For as long as I can remember, men have declared they prefer ''the natural look'' on women. But that could all be complete hogwash, says a new study from internet dating website Zoosk, which claims men’s online actions actually say the opposite.
The study analysed 1200 women’s profiles on Zoosk, and the results are rather damning: women wearing make-up in their profile pictures attract three times as many hits as those who don’t.
But still, men swear they like women without make-up. And we’ve all heard it. ''Lipstick is gross.'' ''Do you really have to wear all that stuff on your face?'' '''I wish you’d wipe that off.'' ''Blah blah blah.'' (Which is actually what this sounds like to us, because we ignore comments like this.)
Ernie Arias, 38, confirms: ''Push-up bras, heels, spray tans, hair colour, fake lashes and make-up too?
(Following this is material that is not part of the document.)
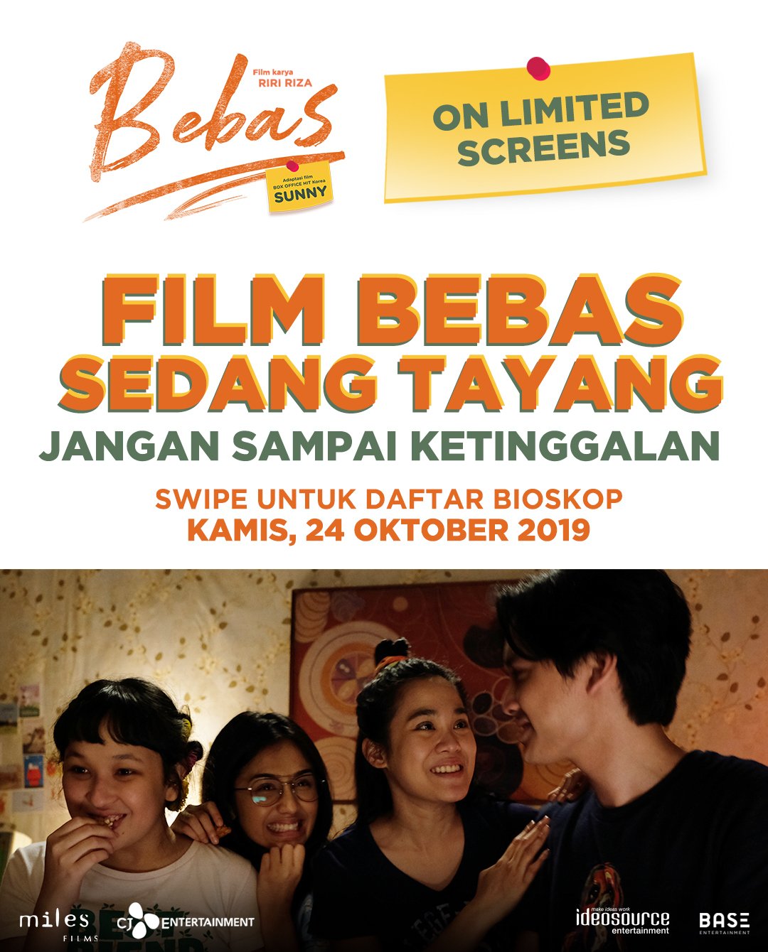Miles Films : “Jangan sampai ketinggalan nonton #FilmBEBAS. Segera ke bioskop-bioskop di kotamu untuk ikut #GerakanNontonFilmBEBAS. Film BEBAS dari Sutradara Riri Riza dan Produser Mira Lesmana SEDANG TAYANG DI BIOSKOP #MilesFilms #

No guy wants a girl that turns into a pumpkin at midnight.''
While 42-year-old Sam Delate is adamant he married his wife because she was a natural beauty. ''The reason I have a preference for little make-up on girls is that's what they will look like naturally in the morning, as opposed to lying next to someone who can supply all the concealer to fill the cracks in the wall,'' Delate says.
And we believed you. But we’ve also seen guys lose control of their jaw when they stumble across the heavily made-up Miss Universe contestants on TV one Saturday afternoon. Or while checking out the latest caked-on babe in the new Transformers movie.
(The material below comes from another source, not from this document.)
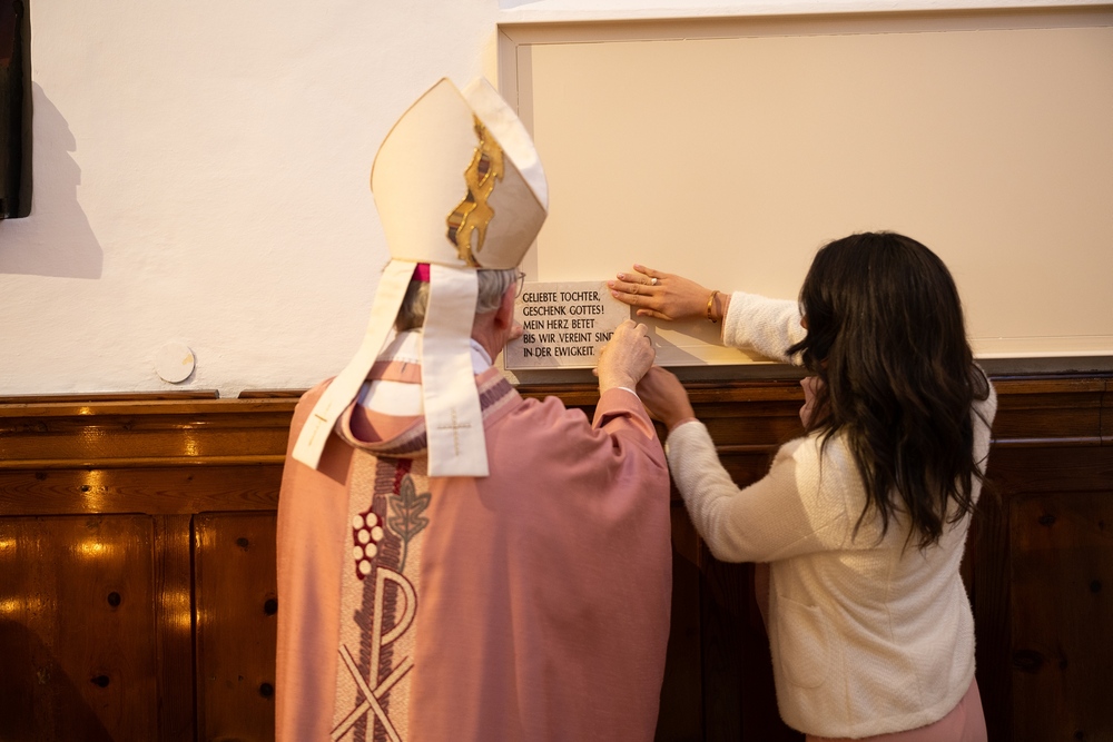 Im Anschluss an diese Festmesse wird Bischof Benno Elbs die Gedenkstätte für früh verstorbene Kinder in der Seitenkapelle der Antoniuskirche einweihen. „Es schenkt mir Trost, in der Kirche einen Ort zu haben, an dem ich meiner geliebten Tochter gedenken, Gott für das Geschenk ihres Lebens danken, für sie beten und Linderung für den tiefen Schmerz finden kann, den ihre Heimkehr hinterlassen hat, in der hoffnungsvollen Gewissheit, dass wir uns eines Tages in der Ewigkeit wiedersehen werden“, sagt die alleinerziehende Mutter Marianna Trinidad Lainez, die zusammen mit Bischof Benno die erste Gedenktafel der Gedenkstätte an der dafür vorbereiteten Seitenwand der Kapelle befestigen wird.

The Zoosk study is the most specific piece of evidence yet, however. Ladies who wore eye make-up were 139 per cent more likely to receive a note than those who didn’t. Women who wore lipstick were 119 per cent more likely to get notes than those who went without. If a gal happened to be wearing blush, they got 24 per cent more notes than those who abstained.
That doesn’t add up, does it, blokes? What’s with the ''go natural'' message if you’re going to only hit on dolled-up women?
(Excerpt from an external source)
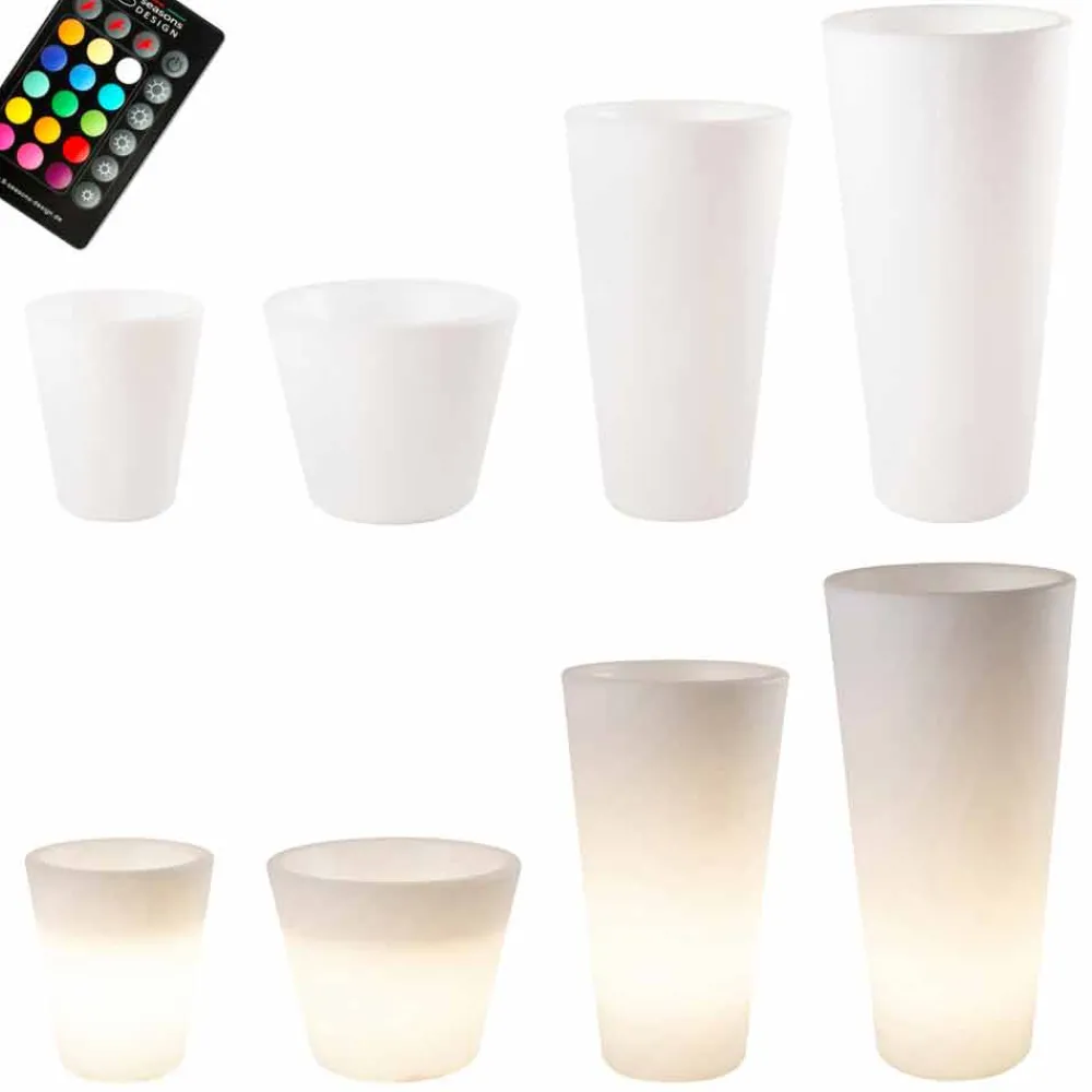 Ein vielseitiges und multifunktionales Produkt: Die leuchtende Vase in verschiedenen Größen und Farben trägt zu einer einladenden und modernen Umgebung bei.

Yet men maintain they’ll go for less over more every time. Recently single Rob Tigust, 41, who is now online dating, says: ''I only like make-up around the eyes. I don’t like lipstick, especially red. If it’s between a girl with no make-up or a full make-up job, I’ll take the girl with none. I guess in the back of my mind lots of make-up means [they’re] high maintenance and they’re probably not that secure within their own body.''
Words. But actions speak louder. If more guys are going for girls with an expertly applied face, it follows they must be more attracted to made-up women, correct?
Not necessarily. According to online dater Dan McMillan, 32: ''A lot depends on the photo. Eyeliner might mean she looks better in the shot, but in real life it’s a totally different story. I’m probably more likely to tap a girl if she’s wearing some make-up than none at all.''
Confused yet? So are the boys. In a different survey of men on the Zoosk site, 66 per cent of men said they didn’t like dark make-up, while 57 per cent said that they wouldn’t like a women wearing red lippie on a first date.
And you think we’re a mystery.
I didn’t even realise men knew what blush was, and perhaps they don’t. The fact that women wearing make-up get more hits online may have been because they just looked ''healthy'' with a glow on their face, whether that was natural or painted on. In my experience, men don’t really pay too much attention to how many coats of mascara you’re wearing, as long as you’re not channeling La Toya Jackson.
There’s always debate raging about whether women dress for men, and in truth, we don’t. A ''no make-up'' girl is not suddenly about to bust out the lippie just because guys like it, and a woman who loves her warpaint isn’t abruptly going to wipe it off just because a bloke tells her to. Women who radiate confidence and happiness always draw more people to them – men and women included – and online, I bet that translates best as women smiling in their profile photo. I wonder if Zoosk took that into consideration with its survey.